In step A3, the interlocking unit 132 outputs an instruction signal instructing the interlocking operation in association with each of the auxiliary data stored in the storage unit 114 and the biological information data related to health (interlocking operation step).
[0097]
Further, in step A4, the data editing / output unit 121 edits the auxiliary data stored in the storage unit 114 based on the instruction signal output in the interlocking operation step. Specifically, the data editing / output unit 121 edits the video / audio data and auxiliary data stored in the storage unit 114 based on the instruction signal, and writes the edited data as reproduction data in the storage unit 114 (auxiliary data editing step). .
[0098]
Subsequently, in step A5, reproduction data obtained by reproducing the video / audio data based on the instruction signal output in the interlocking operation step is output (video / audio data output step).
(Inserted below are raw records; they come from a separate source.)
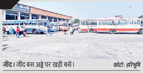
जीद। जीद बस अड्डे पर खड़ी बसें।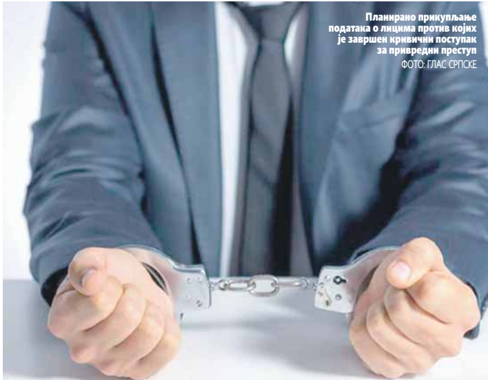
Планирано прикупљање података о лицима против којих је завршен кривични поступак за привредни преступ

Успјех истраживања ће, према њеним ријечима, зависити и од сарадње судова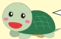
亀岡市社協マスコット ぶくがめちゃん

ガレリアかめおか芝生広場の西側にある「ふれあいプラザ」内に事務局があります。 お車でお越しの方は国道9号沿い農林センター(旧農業総合研究所)の交差点を縦貫道方向に曲がり、一本目の道を左折してください。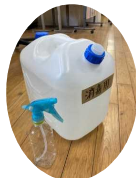
▲ 南さつま青年会議所と南薩東京社から消毒液(次亜塩素水)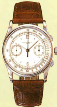
バテック フィリップ Ref.530

パールをセットした18Kゴールドと エナメル・ケースのクォーター リピーター付きミュージカル・ウォッチ。 中国市場に向けて1820年頃に製造された。 直径56mm。 落札価格は約6467万円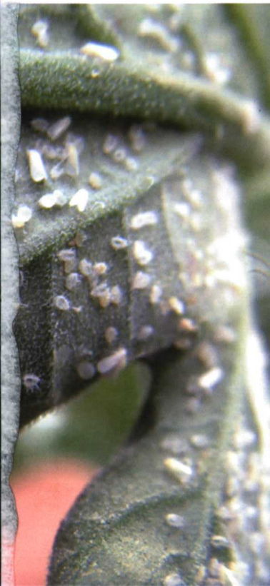
Huevo de nemátodo en proceso de lisis de tejidos a causa de enzimas fúngicas.

secreción de enzimas y toxinas capaces de lisar tejidos con gran especificidad y obtener moléculas simples que si son capaces de absorber y metabolizar.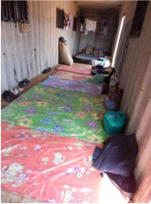
Tämä ei saata näyttää mukavimmalta paikalta nukkumiseen, mutta se on itse asiassa parempi kuin teltta, koska tontilla on yöllä hyvin tuulista ilman vyöryessä Ngong Hillsin kukkuloilta laaksoon.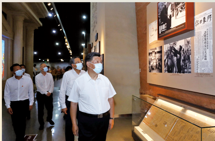
8月19日下午,习近平在合肥市参观渡江战役纪念馆,重温革命历史,缅怀革命先辈的丰功伟绩。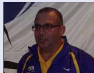
مدرب أول سبورتس دوري زخور (الأخبار)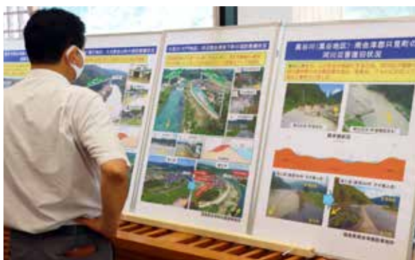
展示パネルに目を通す来場者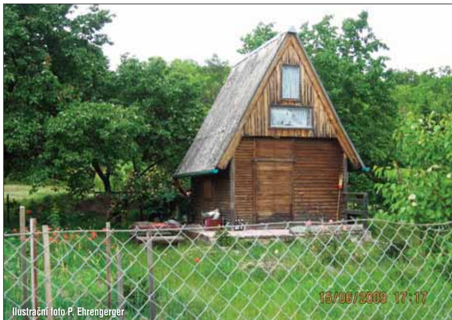
Ilustrační foto P. Ehrengerger

Společnost RESPONO, a.s. oznamuje, že ve státní svátek – v pondělí 6. července provede pravidelný svoz komunálního odpadu dle svozového plánu. Nezapomeňte přistavit popelnice!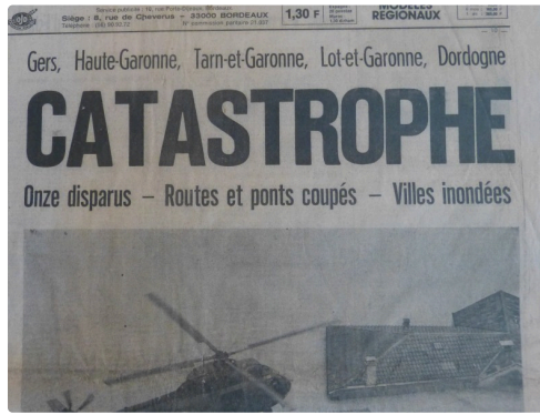
1977-2017 40 ans cette année. Exposition au premier étage du Mouzon.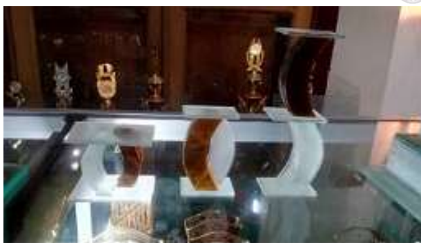
Gambar 14. Sebagian hasil produksi kerajinan kaca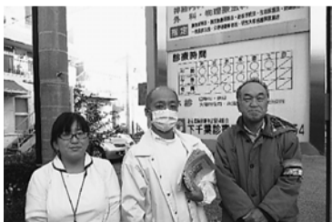
今から訪問に行ってきます

10月に外来患者未加入の方に「加入訴えと医療生協パンフレット」を郵送。11月20日、午後3時から職員と運営委員がペアになり、訪問行動を行いました。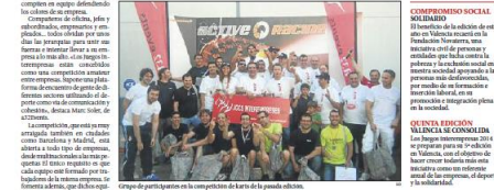
Grupo de participantes en la competición de la pelota valenciana.

Las empresas valencianas también tienen sus propios Juegos Olímpicos Valencia acoge del 19 al 21 de junio los Juegos Interempresas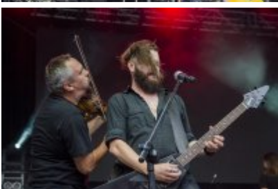
Dni Czeladzi - Dzień drugi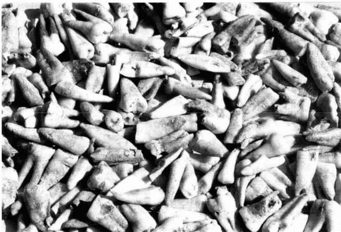
Lám. I.- Masadeta. Forma de presentación de los dientes.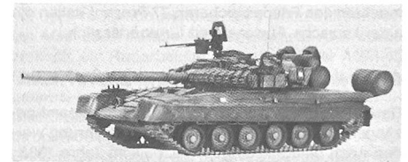
Bild: Die Seitenansicht eines T-80 verdeutlicht die Anbringung der Zusatzpanzerungs-Segmente. Hierbei handelt es sich um ein Modell, das nicht die korrekte Laufwerksanordnung mit den unregelmässigen Abständen zeigt. Auch fehlen die im vorderen Teil der Kettenblenden angebrachten Zusatzpanzerungsteile. Die Befestigungsbolzen sind zu sehen.

Bei 40 Prozent der sowjetischen Truppenteile in der DDR sowie in mehreren Verbänden in der westlichen UdSSR ist der Panzer T-80 eingeführt. Der T-80 weist gegenüber dem vom Entwicklungsstand her ca 15 Jahre älteren T-64 wenig Verbesserungen auf. Hervorzuheben ist eine deutliche Steigerung der Beweglichkeit, allerdings auf Kosten eines ca doppelt so hohen Treibstoffbedarfs für die Turbine.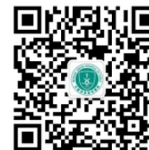
微信订阅号二维码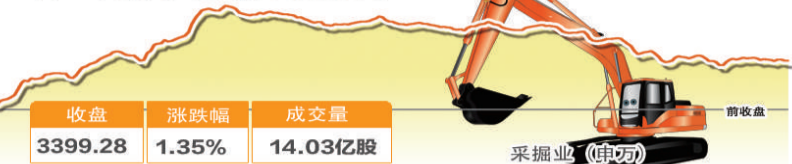
12月27日波动最大行业走势图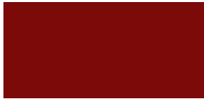
Rouge Volcan F6F6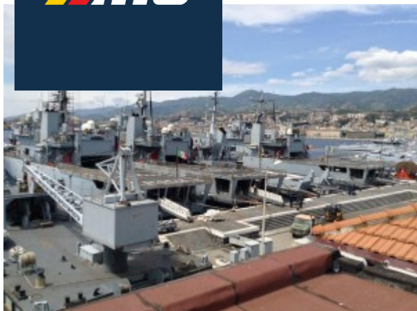
Il piazzale comando della base della Marina Militare nella zona falcata

Il programma prevede, durante le giornate espositive, a partire dalle ore 16, dimostrazioni in piscina di imbarcazioni radiocomandate mentre, venerdì 6 ottobre, alle 18 si terrà un incontro-conferenza sul tema «Il Modellismo quest'arte sconosciuta», con proiezioni di immagini; sabato e domenica dalle 16, esibizioni in mare di motoscafi radiocomandati, condimento permettendo. Oltre ai modelli e oggetti legati al mare, saranno esposti diversi pannelli fotografici con immagini sulla navigazione e sulla vita di bordo, di velieri, di personaggi illustri legati al mare, con alcune foto inedite. Durante l'apertura della mostra soci dell'Associazione Storico Modellisti Messinesi, guideranno il pubblico nella visita e daranno chiarimenti e notizie sui modelli esposti, sulle caratteristiche tecniche di quelli dinamici e facendo muovere i pezzi per farne apprezzare le capacità operative. Sarà l'occasione per conoscere l'arte di valenti artigiani del modellismo navale che hanno raccolto, molti esemplari particolari, esposti in un ambiente marino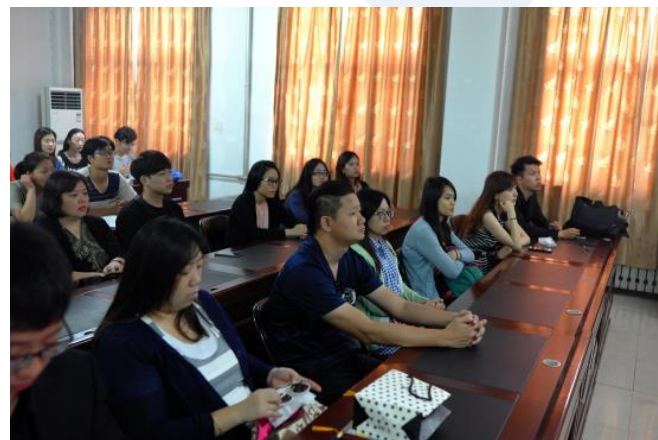
拜會河南師範大學與交流座談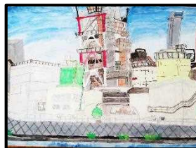
5年 工藤 結葉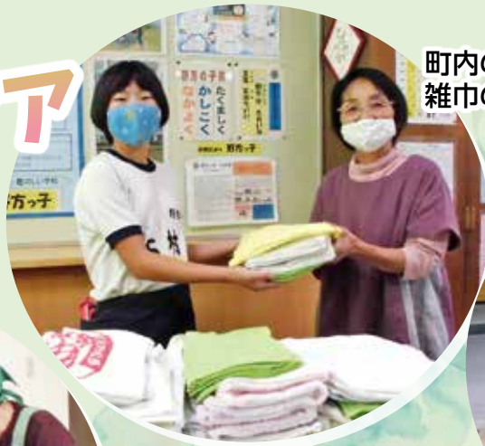
町内の小・中学校の 雑巾の贈呈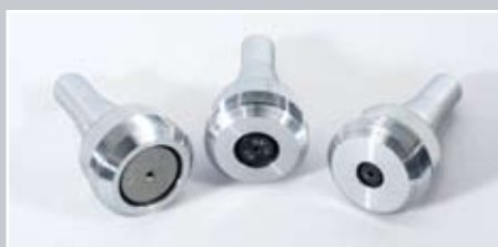
Strumenti di marcatura di prima qualità

La testa di marcatura ad ago è montata su un banco stabile con colonna regolabile in altezza. L'altezza regolabile mediante un volantino viene visualizzata digitalmente. Ciò semplifica l'impostazione della giusta posizione.

In step A6, the reproduction unit 115 reproduces the reproduction data output in the video / audio data output step, and the video / audio is reproduced (reproduction step).
[0099]
In this way, the viewer can generate a gymnastic program corresponding to each user.
By the way, in addition to the gymnastics program, it can be implemented even when a cooking program is used. Here, even if the content of the program is changed, it can be implemented with the same configuration as the above configuration (see FIG. 2).
[0100]
In the video / audio data editing method of the present invention, first, the decoder 116 of the server 1 includes video / audio data composed of unit video / audio data corresponding to each scene in the program, and program attribute information data assigned to each scene. Program data having auxiliary data is demodulated and video / audio data and auxiliary data are output (decoding step).
Next, the decoder 116 accumulates the video / audio data and auxiliary data output in the decoding step in the accumulation unit 114 for data accumulation (accumulation step).
[0101]
In step A3, the interlocking unit 132 outputs an instruction signal instructing the interlocking operation in association with each of the auxiliary data stored in the storage unit 114 and the biological information data related to health (interlocking operation step). As a result, the user inputs information such as indigestion into the server 1.
Further, the data editing / output unit 121 edits the auxiliary data stored in the storage unit 114 based on the instruction signal output in the interlocking operation step (auxiliary data editing step). As a result, the server 1 deletes indigestible ingredients and cooking methods from the multiplex broadcast, re-edits the recipe to promote digestion, and displays it on the television screen of each user.
[0102]
Subsequently, in step A5, reproduction data of the video / audio data is output based on the instruction signal output in the interlocking operation step (video / audio data output step).
In step A6, the playback unit 115 plays back the playback data output in the video / audio data output step (playback step).
[0103]
Thus, the present invention can be implemented even for a cooking program.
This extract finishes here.